Toft Group Completes Executive Search for Natera, Inc. (NYSE: NTRA)
Executive search firm Toft Group has placed Ms. Sylvia Kainz as Senior Director, Sales Operations & Strategy at Natera, Inc., in San Carlos, CA. Ms. Kainz brings 20 years of experience in strategy and operations, having worked in a diverse range of industries across high-tech, manufacturing, retail, and management consulting. She most recently served with InsideView, the CRM intelligence leader, as VP of Business Operations. Prior, she led operations and branding strategies for companies including United Technologies, Grid Dynamics, and Bradford Technologies. Ms. Kainz also served 6 years as Director with Accenture, one of the top management consulting firms in the country. Ms. Kainz earned her MBA from Harvard University and MS degrees from Tufts University and Zurich University.
About Natera, Inc.
Natera is a leading genetic testing company that develops and commercializes non-invasive methods for analyzing DNA. The mission of the company is to transform the diagnosis and management of genetic disease.
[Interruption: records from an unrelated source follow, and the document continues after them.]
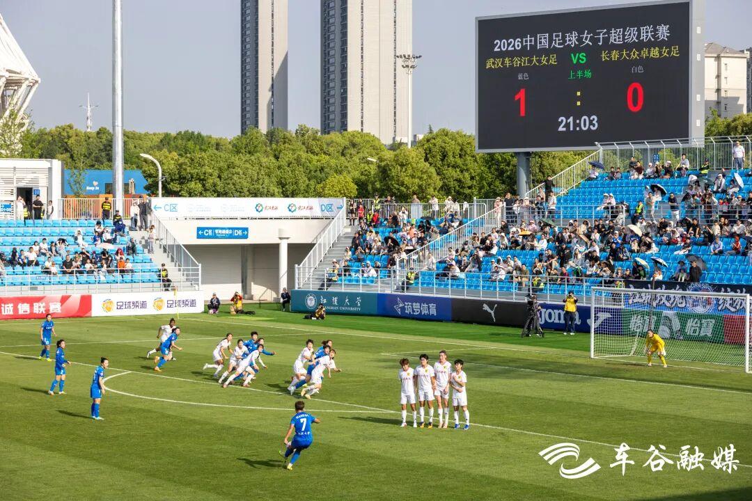 车谷融媒4月26日讯 4月25日,武汉车谷江大女足在武汉体育中心合和足球场主场迎战长春大众卓越女足,打响2026女超联赛(武汉赛区)揭幕战。经过90分钟鏖战,武汉车谷江大女足2:0战胜长春大众卓越女足,赢得首战胜利。赛前,武汉车谷江大女足新主场合和足球场揭牌。
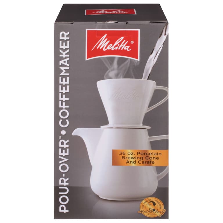 The Melitta 6-Cup Porcelain Pour-Over Coffeemaker & Carafe Set delivers a classic, handcrafted coffee experience with premium materials and timeless design. This set includes a 36oz porcelain carafe and matching porcelain brewing cone, both crafted for optimal heat retention and durability, plus a starter supply of Melitta #4 cone filters for immediate use. The manual pour-over method gives you complete control over brewing speed and extraction for rich, flavorful coffee every time. With dishwasher-safe components and an elegant, all-porcelain build, it’s perfect for home kitchens, entertaining guests, or as a stylish second pot.Specifications
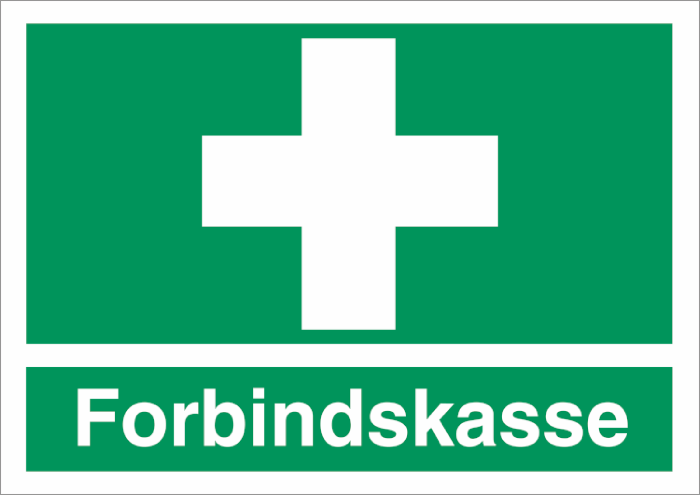 Et henvisningsskilt der tydeligt markerer hvor forbindingskassen er placeret, er til stor hjælp. En forbindskasse vil i dette tilfælde, være det samme som udstyret til førstehjælp og det skal naturligvis kunne findes hurtigt, så man kan få behandlet den uheldige medarbejder.
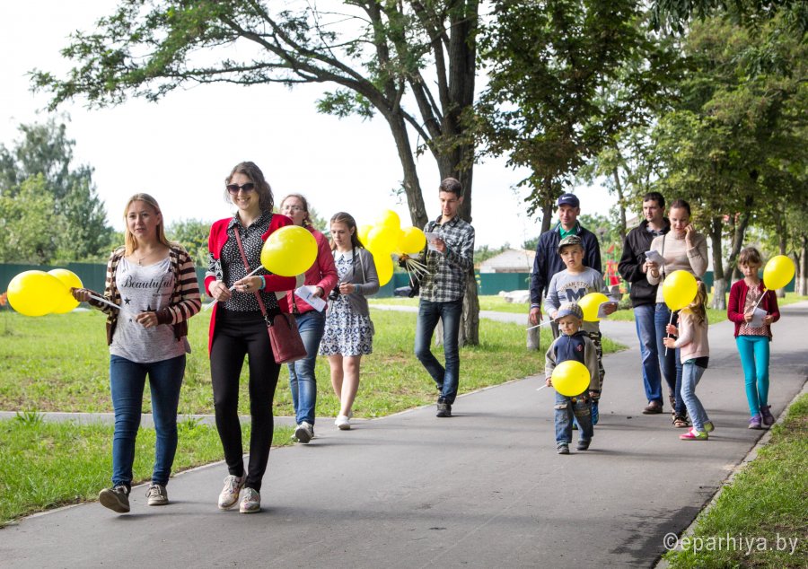 После посещения музея, землянки и военной техники под открытым небом, ребята с энтузиазмом поздравляли всех лоевчан с Днем памяти свв. князей Петра и Февронии: вручали листовки, шарики и традиционные ромашки.
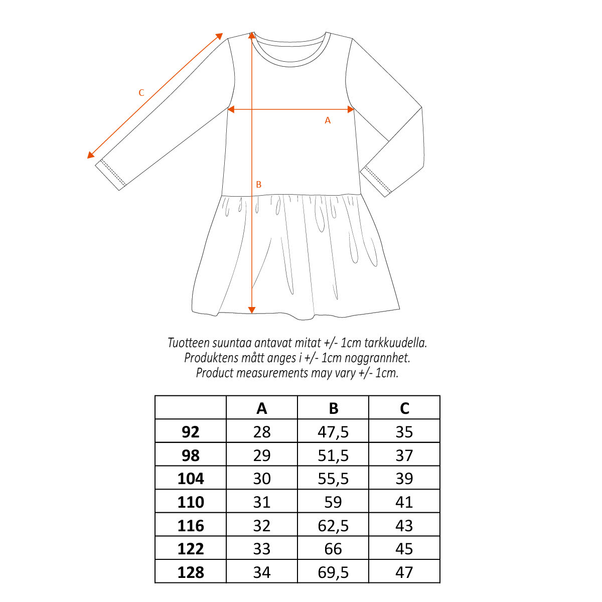 Raikkaanvihreä lasten pitkähihainen mekko, jossa on mukava paitamainen yläosa, leikkaus vyötäröllä ja rypytetty helma. Mekossa on hyväntuulinen Itsevarma-kuosi, jonka tähtenä seikkailee maailman vahvin tyttö, rakastettu Peppi Pitkätossu.

In pursuit of that mission, Natera operates a CAP-accredited laboratory certified under the Clinical Laboratory Improvement Amendments (CLIA) in San Carlos, CA, and it currently offers a host of proprietary genetic testing services primarily to OB/GYN physicians and fertility centers, as well as to genetic laboratories through its direct sales force, laboratory distribution partners, and licensees that can run tests in their own laboratories and have the data analyzed through Natera's cloud-based Constellation™ software system. Tests include the Spectrum® pre-implantation genetic test for embryo selection during IVF; the Anora® miscarriage test to understand the genetic causes of a pregnancy loss; the Horizon™ carrier screen to detect inherited mutations; and the Panorama® non-invasive prenatal test (NIPT) to screen for common chromosomal anomalies in a fetus as early as nine weeks of gestation. Each test described has been developed and its performance characteristics determined by the CLIA-certified laboratory performing the test. These tests have not been cleared or approved by the U.S. Food and Drug Administration (FDA). Although FDA does not currently clear or approve laboratory-developed tests in the U.S., certification of the laboratory is required under CLIA to ensure the quality and validity of the tests.